The model of spread is captured by independent cascade 
model, where a given node can affect all its neighbors (outdegree neighbours in the directed graph). Then the affected nodes go on to further affect the unnafected ones in their neighbourhood, till no new unaffected member can be reached. To model this we can also introduce a randomness about which of the nodes can be affected, but for the current purpose we do not use any of it.

Just looking at the maximum-spread doesn't fully capture the dynamics, we need average-depth too. Given similar values of maximum-spread, the average-depth captures the nature of this spread of information. Smaller average-depth indicates the broadcasting ability and the larger one indicates that the same spread is achieved in many steps (viral?).

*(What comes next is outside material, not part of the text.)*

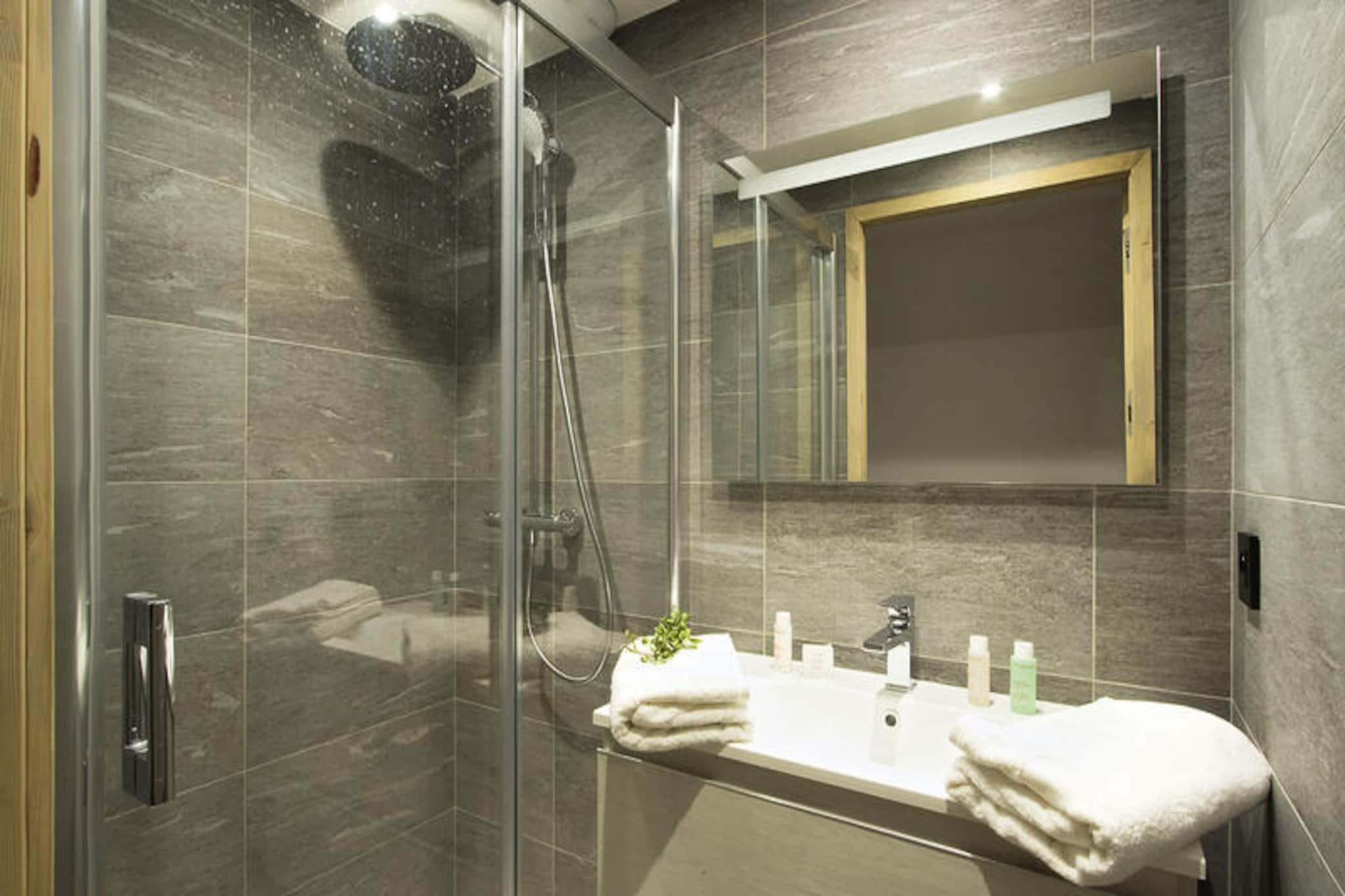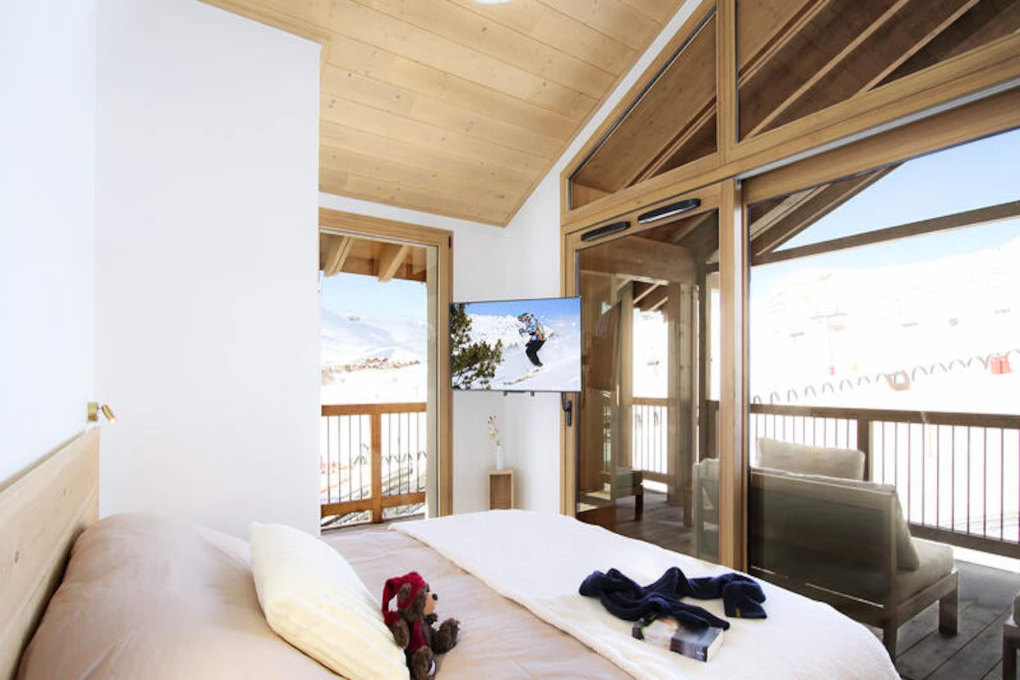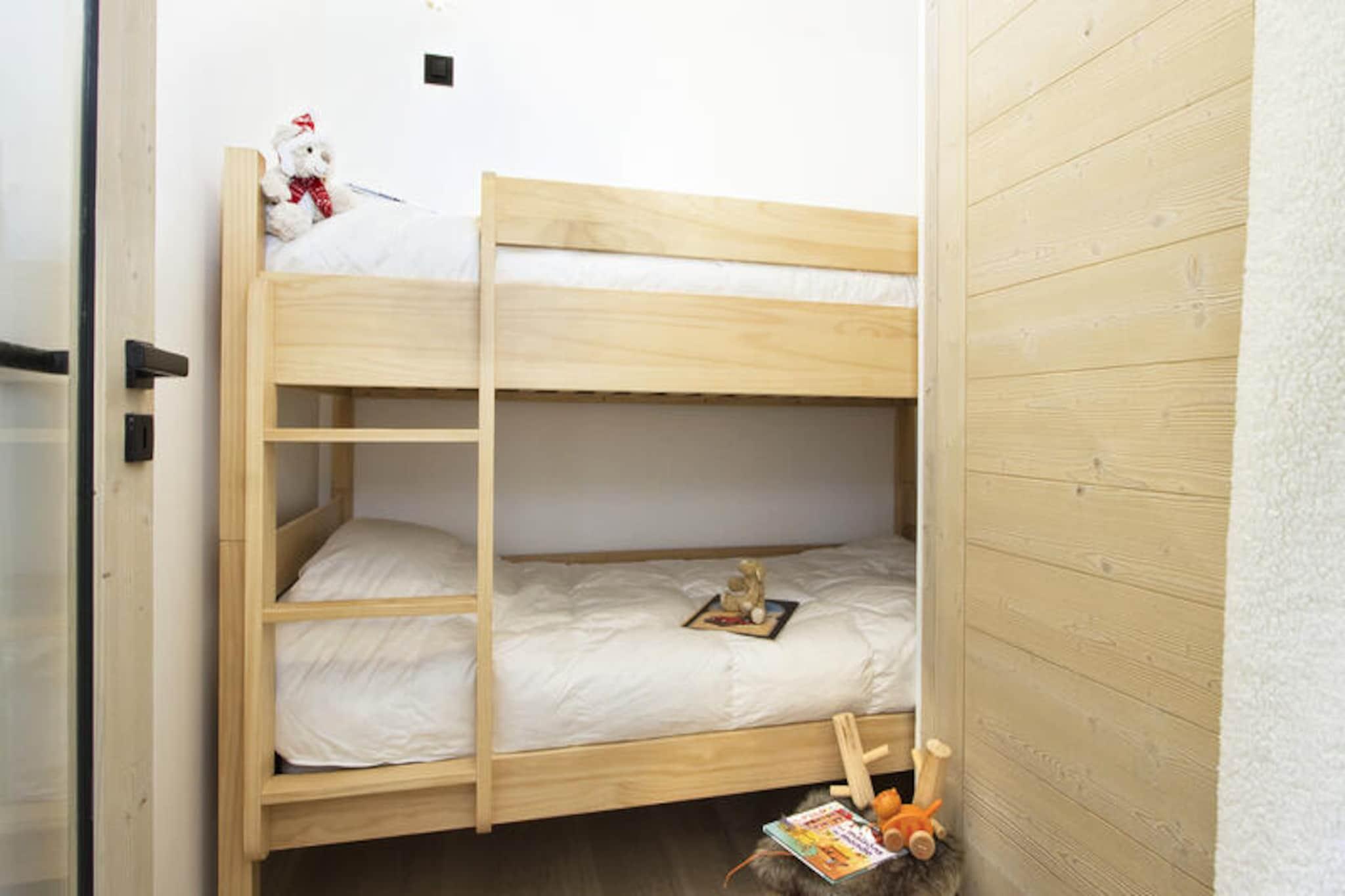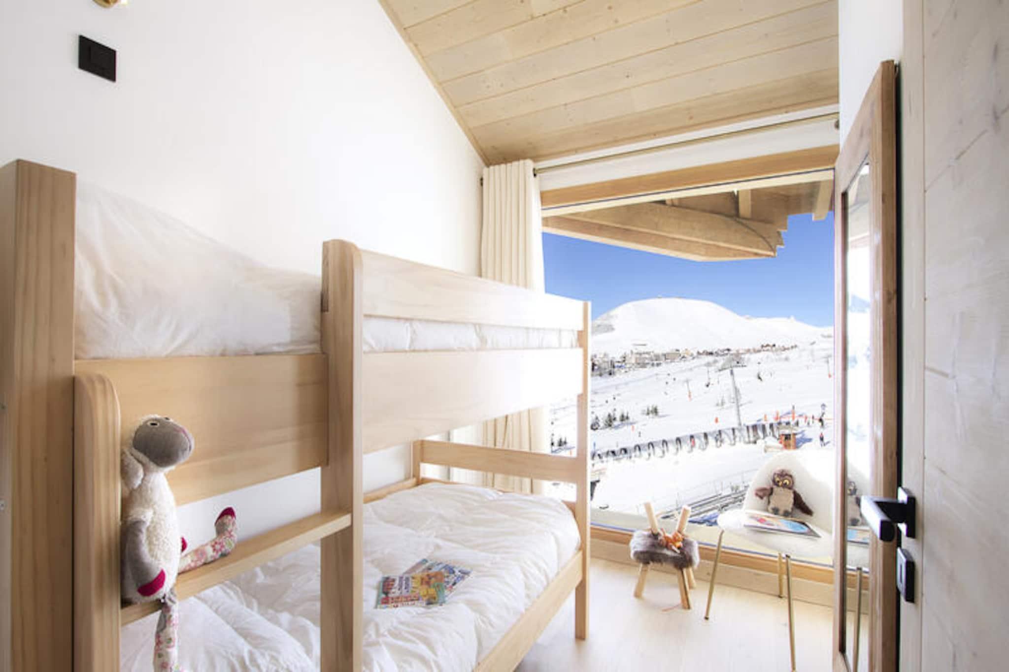 Denne rummelige lejlighed ligger højt oppe i de uberørte franske alper og tilbyder et luksuriøst tilflugtssted med direkte adgang til pisterne direkte til skiløb. Med en perfekt beliggenhed i en moderne bolig bydes gæsterne velkommen til en verden af ??komfort og elegance, omgivet af betagende udsigt over bjergene og alpin ro. Uanset om du er her for vintersport eller sommereventyr, lover denne ejendom et uforglemmeligt ophold i hjertet af naturens storhed. \n\nIndenfor kan lejligheden prale af en stor stue, der åbner ud til en vestvendt balkon, ideel til at nyde eftermiddagssolen. Det fuldt udstyrede køkken-alrum har topmoderne apparater, herunder ovn, opvaskemaskine, mikrobølgeovn, induktionskogeplade og et stort køleskab, hvilket gør det nemt at tilberede måltider til familie og venner. Med tre soveværelser med bløde 180 cm dobbeltsenge, en hyggelig hytte med køjesenge og ekstra køjesenge i et separat rum, rummer denne bolig komfortabelt større grupper. Moderne bekvemmeligheder såsom tv på soveværelserne, et rummeligt badeværelse, et brusebad og et separat toilet sikrer bekvemmelighed og afslapning under hele dit ophold.\n\nSelve boligen er et paradis for afslapning med swimmingpool, fitnesscenter, sauna, dampbad og sensoriske brusere til at forynge dig efter en dag på pisterne. Skirummet giver direkte adgang til pisterne, hvilket gør det nemt at begive sig ud på dine alpine eventyr. Gæsterne vil også sætte pris på ejendommens solrige beliggenhed og de betænksomme tjenester, der tilbydes, herunder sengelinned, håndklæder, velkomstprodukter og slutrengøring.\n\nUanset om du er tiltrukket af spændingen ved skiløb, roen ved bjergvandringer eller blot charmen ved de franske alper, er denne lejlighed den perfekte base for at skabe dyrebare minder. Med sin blanding af luksus, bekvemmelighed og naturlig skønhed inviterer den dig til at opleve bjergenes magi i enhver sæson.

We have various metrics to capture the centrality, local measures like indegree centrality and global ones like eigenvector centrality. In order to capture the spread as defined, the combination of them is a slightly better metric to capture the spread than the eigenvector centrality alone.

We also see that top influencers in the retweet network have few follwers compared to the ones they follow.

One assumption is that follwer network is not dependent on time.